Data to examine |
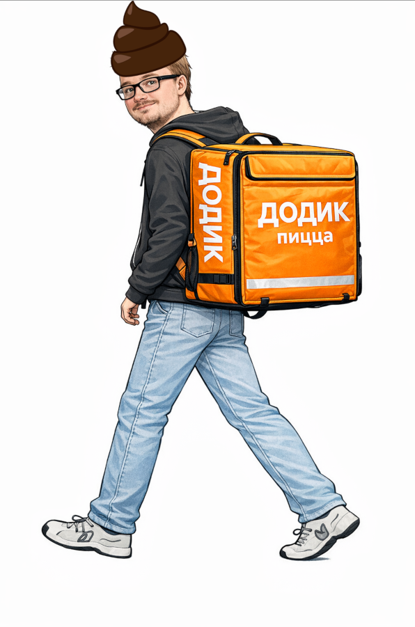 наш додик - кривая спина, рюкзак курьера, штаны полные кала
---
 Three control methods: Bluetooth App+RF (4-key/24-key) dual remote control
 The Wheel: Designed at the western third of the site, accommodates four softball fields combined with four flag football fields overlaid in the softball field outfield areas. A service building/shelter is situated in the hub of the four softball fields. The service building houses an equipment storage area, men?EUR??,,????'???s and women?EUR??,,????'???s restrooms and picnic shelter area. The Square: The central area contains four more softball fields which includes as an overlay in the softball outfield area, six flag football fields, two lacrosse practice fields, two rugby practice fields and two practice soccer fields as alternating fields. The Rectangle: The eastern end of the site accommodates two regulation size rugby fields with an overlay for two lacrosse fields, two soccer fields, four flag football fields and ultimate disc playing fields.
==
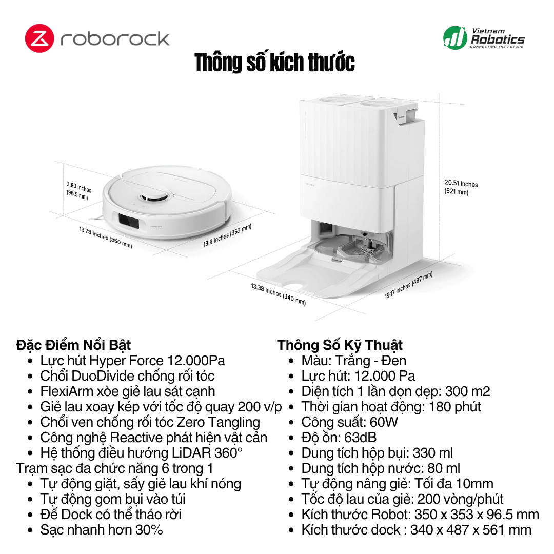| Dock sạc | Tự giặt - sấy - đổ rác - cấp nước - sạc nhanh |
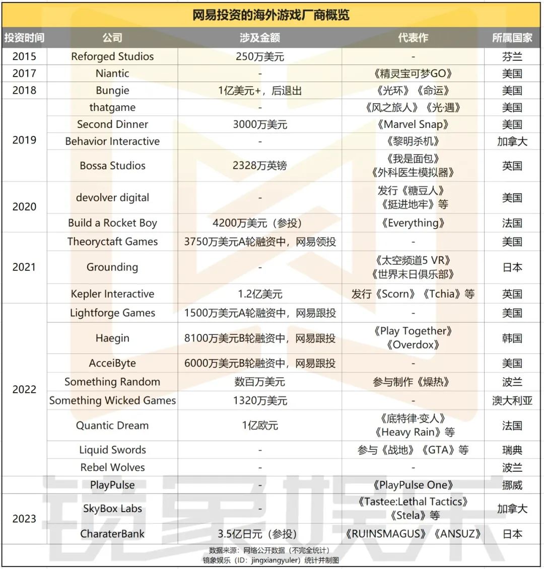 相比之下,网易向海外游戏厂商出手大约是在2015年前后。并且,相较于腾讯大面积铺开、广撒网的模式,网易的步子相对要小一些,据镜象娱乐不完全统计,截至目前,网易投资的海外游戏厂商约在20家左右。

Work item | In the entries above, find the line containing "sạc nhanh |" and the line containing "相比之下,网易向海外游戏厂商", then copy both and every line between them exactly, without any picture.

Exercise response |
| Dock sạc | Tự giặt - sấy - đổ rác - cấp nước - sạc nhanh |
 相比之下,网易向海外游戏厂商出手大约是在2015年前后。并且,相较于腾讯大面积铺开、广撒网的模式,网易的步子相对要小一些,据镜象娱乐不完全统计,截至目前,网易投资的海外游戏厂商约在20家左右。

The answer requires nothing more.